Train Service to Melbourne
Australia
Overheard by: Meg
Girl stopped at a gas station refueling: Get out of my trunk now! People are going to think that I kidnapped you!
Charlottesville, Virginia
Overheard by: A Concerned Friend
Conductor: Welcome aboard to all the new passengers. The time is 9:11. Actually... Let's make that 9:12. That's better, isn't it?
Washington, DC
Conductor: The worst thing that you can do in an emergency is to pull the emergency cord. Never pull the emergency cord if it is an emergency!
Boston subway
Boston, Massachusetts
Overheard by: daily commuter
Conductor, as train comes in: Ahem: Quack-quack-quack, quack-quack, quack, quack, quack-quack... A-whoo-whoo!
Eltham
Australia
Conductor over PA after train starts and stops a few times: There are six different kinds of metro cars, all manufactured in different places and different times. This particular train is comprised of three of those kinds. The transit authority says they all work fine together. I'll let you decide that for yourselves...
Blue Line
Washington, DC
Conductor over loudspeaker: Diana, I have your clothes... Diana, the head conductor has your clothes.
MBTA Commuter Rail
Boston, Massachusetts
India-Indian conductor: We will need to stand by in just a few minutes for some maintenance work.

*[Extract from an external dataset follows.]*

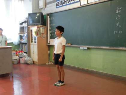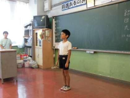 7月10日5年生は清水移動教室の結団式を行いました。司会の人も、自分の目標をいう人もみんな緊張感あふれる素晴らしい態度でした。

We're having some problems with the brakes, and they will need to be checked... Actually, they're really not working... At all. [Everyone exchanges looks when doors instantly close and train pulls out of station, rounding the next corner at high speed.]
Chicago El, Brown Line
Chicago, Illinois
Overheard by: Comforting words
Conductor: Plenty of seats in the rear, folks!
Old guy, making way through crowd: I'll take one in the rear!
Shout-out: overheardinphilly.blogspot.com
Overheard by: liz the whiz
Conductor: I don't wee in your house, so you don't wee in my station.